Feasibly, someone that had access to the cables could cut them, put a receiver, a transmitter, and a computer that receives, records and retransmits everything in and splice everything up properly when done- aside from a temporary and puzzling outage- no one would be the wiser.
It can be determined from reflectometry exactly where the break is, and someone would go out and check the cable eventually with an ROV or something and find the splice, but I'd imagine for a while you could have a tap in place as long as the interruption was minimal.

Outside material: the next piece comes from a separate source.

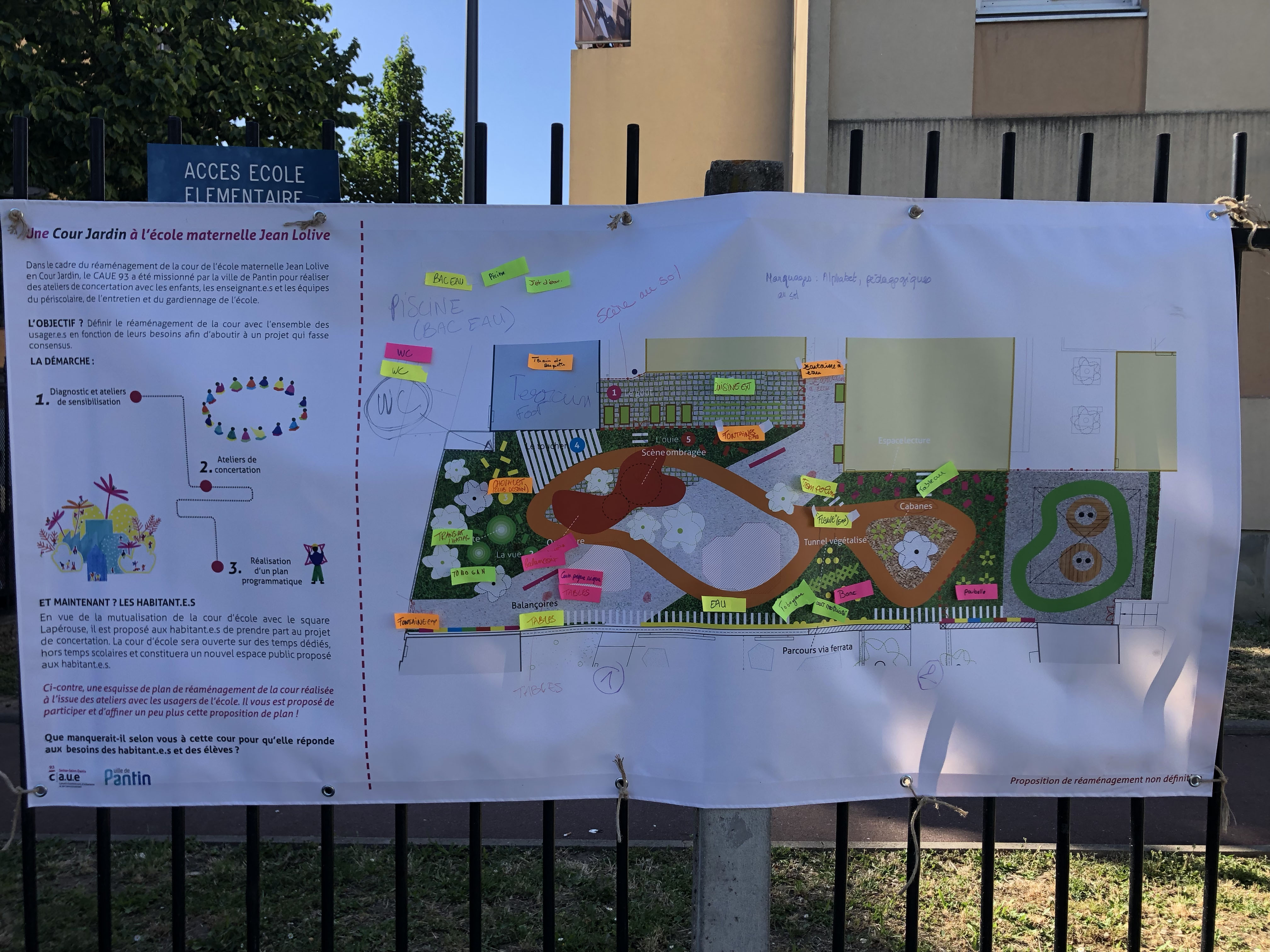 La ville de Pantin a fait appel au CAUE afin de mettre en place un dispositif de concertation pour co-construire le projet de réaménagement de la cour de récréation maternelle du groupe scolaire Vaillant-Lolive selon les principes de cours oasis. En plus des enjeux de renaturation et de diversification des usages, l’un des objectifs du projet est de mutualiser la cour maternelle Lolive, en l’ouvrant dans le prolongement du Square Lapérouse, sur d’autres temps et à d’autres publics que ceux scolaires.

Around here, when there's a fiber cut, it takes hours- but I assume some of that is discovering the cut, finding a crew and getting to the site. I would suppose if you put one of the worlds top splicers right there that the interruption could be made fast enough that the techs monitoring the connection would be confused but would chalk it up to some sort of temporary bend or other error.
I am not a fiber tech, but all of that seems fairly reasonable to me.

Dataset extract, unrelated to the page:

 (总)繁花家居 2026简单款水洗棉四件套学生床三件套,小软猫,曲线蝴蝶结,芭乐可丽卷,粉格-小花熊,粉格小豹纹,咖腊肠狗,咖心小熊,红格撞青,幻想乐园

In other words, I don't think quantum teleportation is necessary or even applicable to straight forward fiber implementations that don't depend on the orientation of photons.
From the paper referenced in this PRL, Physical Review A 59 (1999), M. Murau, D. Jonathan, M.B. Plenio, V. Vendral:
"In this paper, we investigate the following scenario. Alice holds an unknown one-qubit quantum state |Phi> and wishes to transmit identical copies of it to M associates (Bob, Claire, etc.). OF COURSE, THE QUANTUM NO-CLONING THEOREM IMPLIES THAT THESE COPIES CANNOT BE PERFECT. The best Alice can do is to send optimal quantum clones of her state (the most faithful copies allowed by quantum mechanics), which we assume to be sufficient for her purposes." (Caps are mine.)
Now I admit, the PRL is too dense for me to understand, but based on this, it lookse to me like perfect quantum clones are not allowed. In fact, this quantum no-cloning theorem follows quite directly and naturally from first principles. We won't be cloning Kirk anytime soon, at least not perfectly.
hmm... what I'd like to see on the web is an introduction to quantum physics for non physicists. something that outlines the primary results of quantum physics with some graphical explanation for laymen.
most people with an interest in physics, whether they be physics majors who have taken modern physics classes or not, have some intuitive ideas about what relativistic physics means. however, when it comes to quantum physics, people just think "black magic happens here"...
what's worse is that people increasing will say "quantum physics" and do a bunch of handwaving to promote psuedoscience. people don't do this with relativistic physics because most people at least understands the *domain* of relativity and know that it isn't likely to lead to inventions that say, clean your clothes better, or something along those lines. quantum physics on the other hand is sometimes quoted when selling just such products (I've seen little plastic balls that are supposed to go in washing machine along these lines) because most people just don't know what the results of quantum physics are, just that they are supposed to be powerful and profound, so charlatans play on that uncertainty.
and... anyway I think we all agree that the *public* understanding of scientific issues, on a least a basic level, is really important to the health of our society. I'm sure we can all name a couple of other issues where poor understanding of science in the public sphere and in government has led to poor decisions and general idiocy. popularization of science and science understanding seems like a goal we should be devoting more resources to.